▸ EXERCISE REQUIREMENTS:
Write out exactly every line from the one containing "By the age of" through the final line of the material below, both included. Pictures are to be skipped.
BEGIN EXERCISE DATA
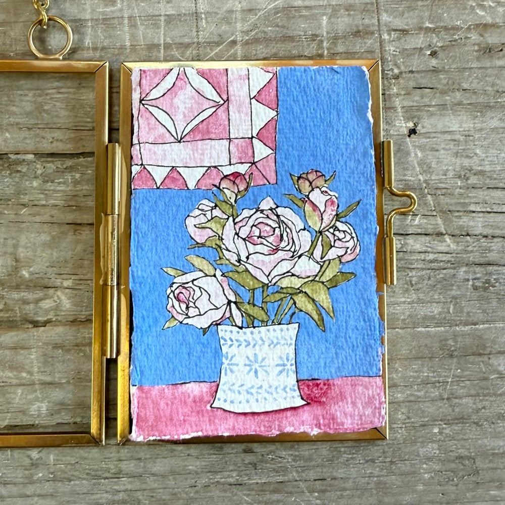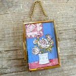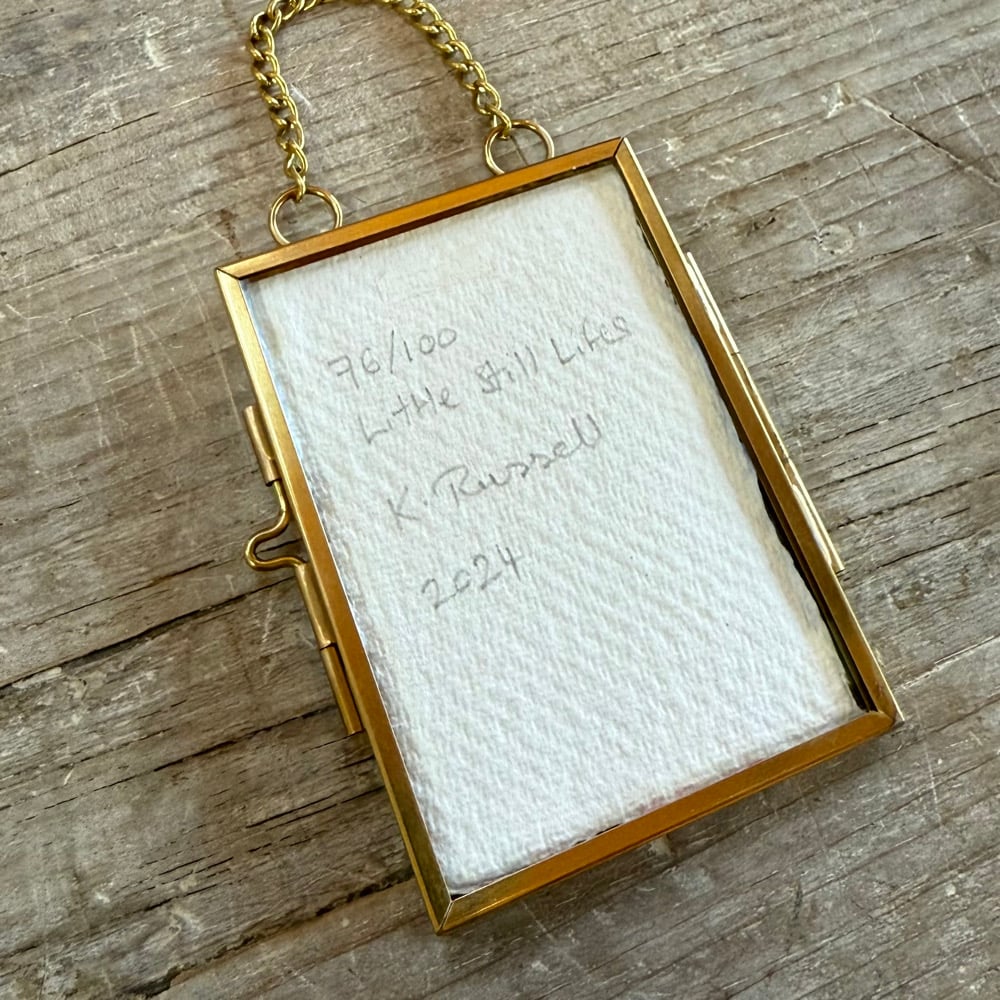 Signed on the reverse and framed in a small, brass, floating glass hanging frame.
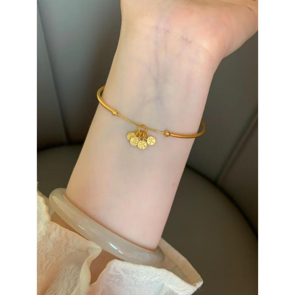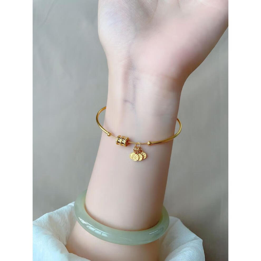 Mr. Ouyang's Little Fat Blessing Peach Blossom Bracelet Gold Color Bracelet Female Niche Simple and Exquisite Light Luxury Style Little Peach Blossom Bracelet Fat Blessing Peach Blossom Bracelet-58 Closed Mouth
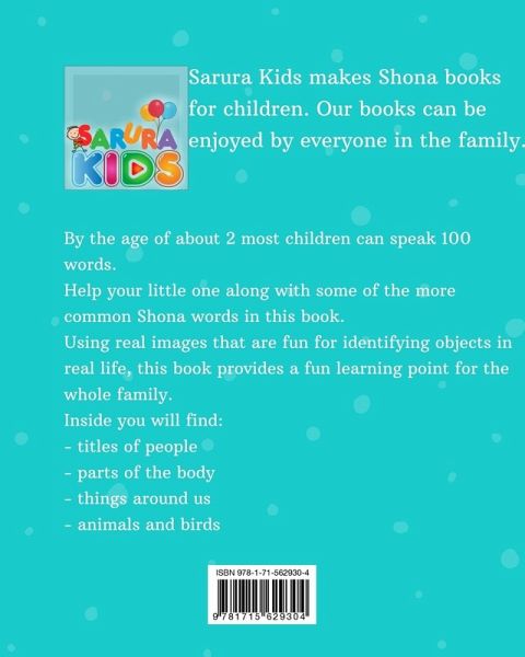 By the age of about 2 most children can speak 100 words. Help your little one along with some of the more common Shona words in this book. Using real images that are fun for identifying objects in real life, this book provides a fun learning point for the whole family. Inside you will find: - titles of people - parts of the body - things around us - animals and birds
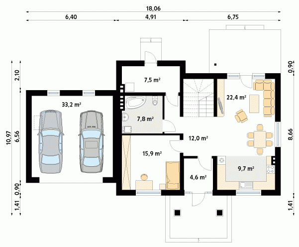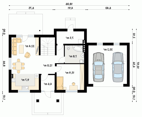 - Min. wymiary działki 25.06x19.97 m
END EXERCISE DATA
▸ THE COMPLETED TASK:
 By the age of about 2 most children can speak 100 words. Help your little one along with some of the more common Shona words in this book. Using real images that are fun for identifying objects in real life, this book provides a fun learning point for the whole family. Inside you will find: - titles of people - parts of the body - things around us - animals and birds
 - Min. wymiary działki 25.06x19.97 m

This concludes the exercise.